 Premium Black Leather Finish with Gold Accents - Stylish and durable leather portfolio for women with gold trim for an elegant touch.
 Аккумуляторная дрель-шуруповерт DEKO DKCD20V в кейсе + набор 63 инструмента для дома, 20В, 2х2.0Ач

==

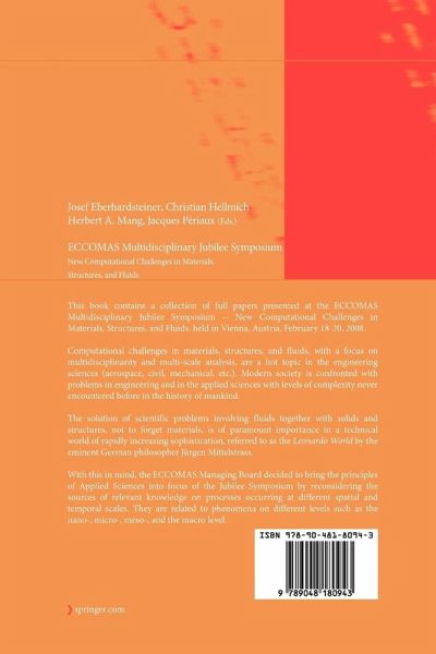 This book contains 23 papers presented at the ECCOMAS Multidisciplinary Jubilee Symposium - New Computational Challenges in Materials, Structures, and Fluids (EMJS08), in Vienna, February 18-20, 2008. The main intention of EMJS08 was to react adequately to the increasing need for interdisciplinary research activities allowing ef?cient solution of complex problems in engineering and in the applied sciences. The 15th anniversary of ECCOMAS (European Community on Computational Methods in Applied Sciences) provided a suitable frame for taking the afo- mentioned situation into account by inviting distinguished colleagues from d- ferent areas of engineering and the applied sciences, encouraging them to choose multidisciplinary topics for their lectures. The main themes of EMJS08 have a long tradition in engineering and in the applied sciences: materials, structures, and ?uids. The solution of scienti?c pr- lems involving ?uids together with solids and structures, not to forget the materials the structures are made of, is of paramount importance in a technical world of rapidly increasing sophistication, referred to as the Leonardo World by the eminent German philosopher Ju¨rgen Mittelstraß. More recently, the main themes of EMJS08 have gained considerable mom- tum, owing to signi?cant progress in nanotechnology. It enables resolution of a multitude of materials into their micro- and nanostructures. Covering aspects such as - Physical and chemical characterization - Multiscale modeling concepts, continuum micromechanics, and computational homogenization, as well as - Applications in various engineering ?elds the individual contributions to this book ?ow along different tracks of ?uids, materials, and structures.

▶ [WHAT YOU SHOULD DO] With the line holding "Premium Black Leather" as the first and the line holding "Аккумуляторная дрель-шуруповерт DEKO" as the last, set down that range of the entries above exactly, and nothing else.

▶ [RESULT]
 Premium Black Leather Finish with Gold Accents - Stylish and durable leather portfolio for women with gold trim for an elegant touch.
 Аккумуляторная дрель-шуруповерт DEKO DKCD20V в кейсе + набор 63 инструмента для дома, 20В, 2х2.0Ач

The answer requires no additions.